Instead, we propose the hypothesis that proline’s high abundance and arrangement in GPGPQ motifs in MaSp4 may increase dragline extensibility either by forming novel structural domains embedded among other MaSp proteins or by packing in more β-turns per protein monomer. Specifically, as proline is the critical residue in forming a β-turn, the additional proline per GPGPQ motif, in comparison to MaSp2 GPGX motifs (where X is rarely P), may increase the number of β-turns per motif or may produce distinct secondary structures altogether, given the steric constraints imposed by proline. These possibilities might lead to increased dragline extensibility through the addition of more β-turns within the amorphous (non-crystalline) regions or through the decreased alignment of molecules along the fiber. Testing these hypotheses would require detailed analyses of recombinantly expressed C. darwini MaSp4, along with MaSp1 and MaSp2, to understand how combinations of these proteins interact at the biophysical level to affect fiber mechanics.

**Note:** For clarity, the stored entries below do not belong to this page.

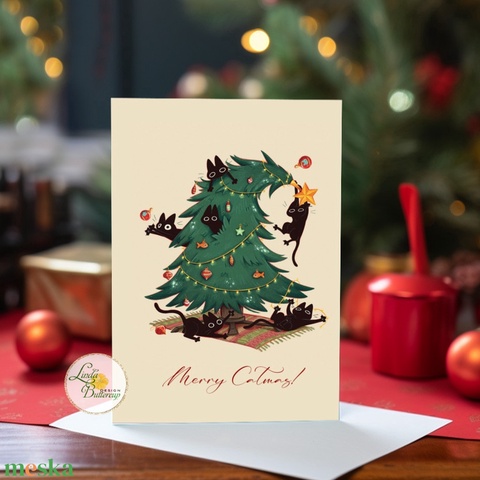 vicces cicás karácsonyi képeslap, cicás, cica, macska, karácsonyfa, üdvözlő lap, képeslap, BORÍTÉKKAL
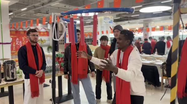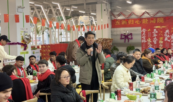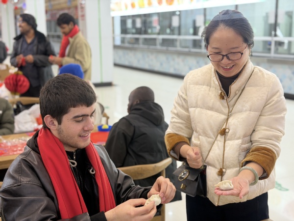 活动尾声,郑军与师生围坐一起,共赴一场温情满满的团圆宴。大家品尝着亲手包制的饺子和立康餐饮精心准备的中式美食,大家举杯相祝,用中文互道“新年快乐”“万事如意”,欢声笑语回荡席间。窗外寒意正浓,屋内却暖意融融——这份跨越国界的温情,让远离故土的学子们在海院大家庭中找到了归属感,也将中华传统文化的种子播撒进更多年轻心灵。
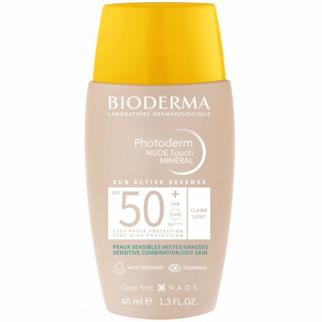 La fórmula de Bioderma Photoderm Nude Touch SPF50+ en Tono Claro contiene filtros solares UVA/UVB de amplio espectro para una protección solar completa, así como agentes matificantes para un acabado sin brillos.
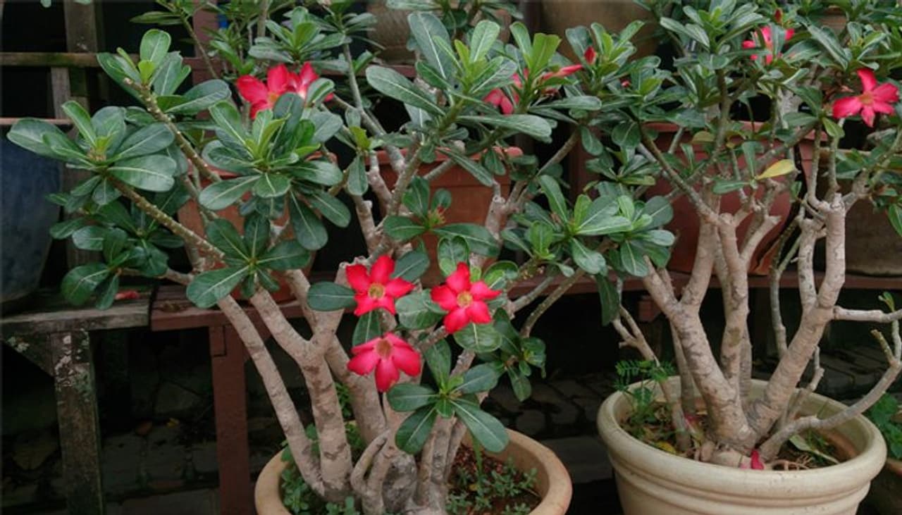 ബോണ്സായ് രൂപത്തില് വളര്ത്തുമ്പോള് ഒന്നില്ക്കൂടുതല് ചെടികള് ഒരുമിച്ച് വളര്ത്തി തണ്ടുകള് പിണച്ചെടുക്കുകയാണ് ചെയ്യുന്നത്. അഡീനിയത്തിന്റെ തണ്ടില് വെള്ളം ശേഖരിച്ചുവെക്കാന് കഴിവുണ്ട്.
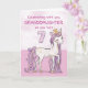 Um doce pônei rosa como a sua neta está saltitando com o número sete! Detalhes com aparência dourada estão entrelaçados em sua crina e cauda. Cartão perfeito para desejar à sua neta o seu 7º aniversário!
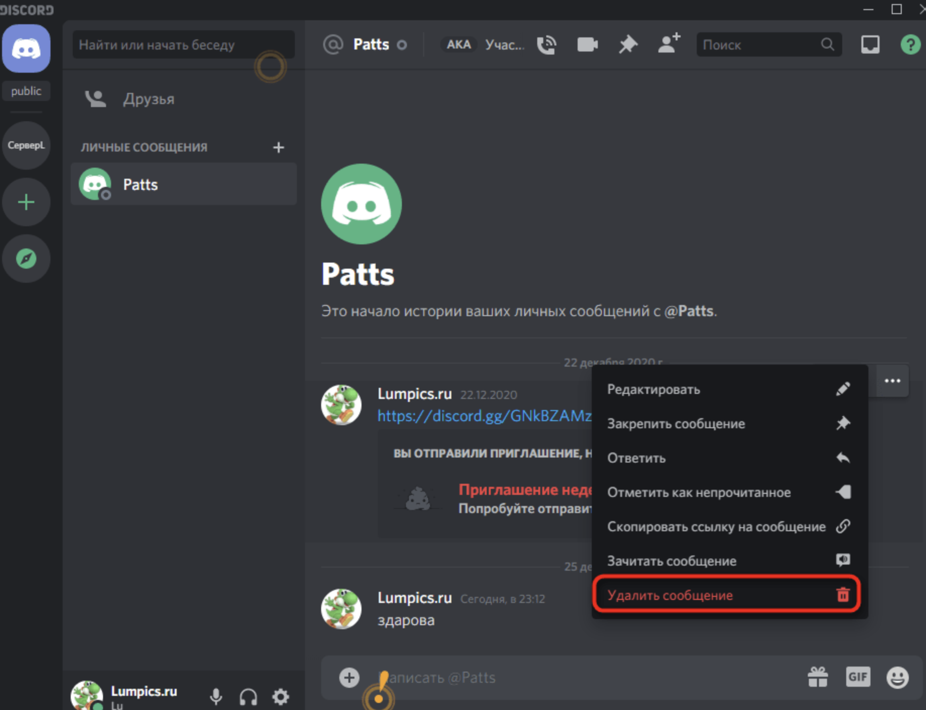 - Это же меню вызывается при переходе в профиль пользователя в сообщениях сервера.
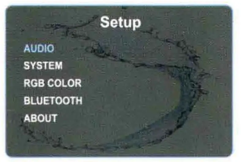 At Home Screen tum VOL knob and press it to enter SETUP, then tum VOL knob to move amongst Audio, System, RGB Color, and Bluetooth, About. Press the knob at desired feature and tum the knob again to adjust the Level. Press the knob again to exit current feature adjustment.
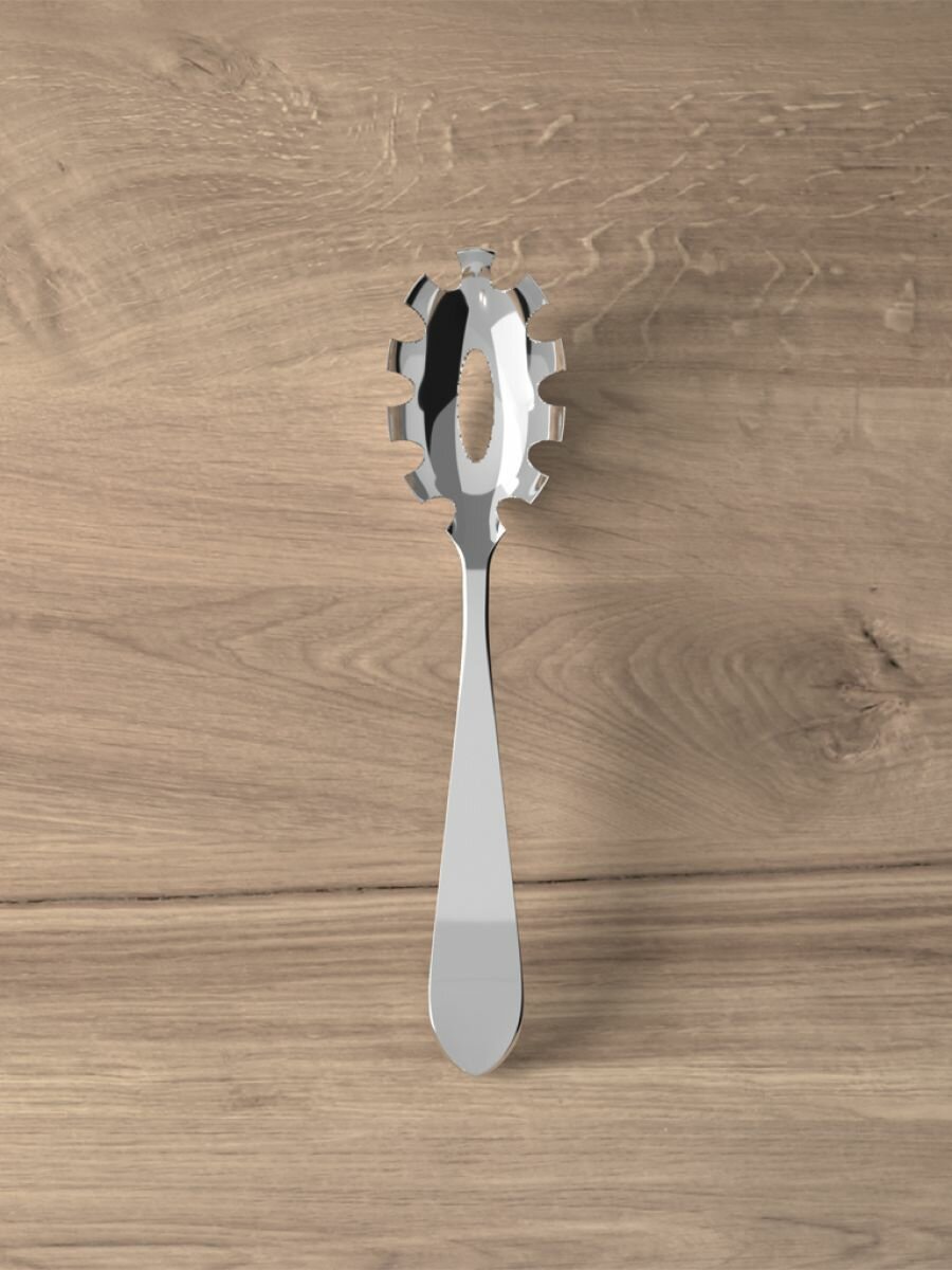 Ложка для пасты из коллекции Sereno XXL от Villeroy & Boch — это изысканный инструмент для настоящих ценителей кулинарной эстетики. Модель длиной 30 см с изящно изогнутой формой создана для безупречной сервировки спагетти, тальятелле и других видов пасты. Особенностью ложки являются деликатные зубчики по краю, которые позволяют аккуратно зацеплять и укладывать даже самые длинные макаронные изделия, сохраняя их идеальный вид на тарелке.

Proline-rich spidroin expressed in C. darwini MA glands

To determine which spidroins are most highly expressed in C. darwini MA glands and likely to have the greatest impact on dragline mechanics, we estimated Illumina-derived transcript abundance across two individual’s MA glands in TPM (transcripts per million; Supplementary Data 6 and 7). Among all spidroins and across replicates, MaSp2 had the highest expression (average TPM = 22,182.65), representing 46–56% of spidroin expression in MA glands, followed by MaSp1a (TPM = 12,223.90). MaSp4a was third most abundant (TPM = 5772.48), representing 11–16% of spidroin expression in C. darwini MA glands (Fig. 2c). By contrast, non-MaSp spidroins (TuSp, Flag, AcSp, PySp, MiSp, AgSp) had a combined TPM of 39.05–91.75, amounting to <0.1% of MA gland spidroin expression. The relative ratio of MaSp2, MaSp1a, and MaSp4a predict dragline containing 33.0–35.0% glycine, 16.6–18.4% alanine, and 11.4–11.5% proline. These values closely match our composition values of C. darwini dragline (34.6–44.0% glycine, 18.9–21.3% alanine, 6.4–7.3% proline; n = 3) and MA glands (36.0% glycine, 18.0% alanine, 11.7% proline; n = 1; Fig. 2d), consistent with spidroin transcript abundance positively correlating with dragline incorporation. Thus, high expression of the proline-rich MaSp4a in MA glands supports its functional role in C. darwini dragline mechanics.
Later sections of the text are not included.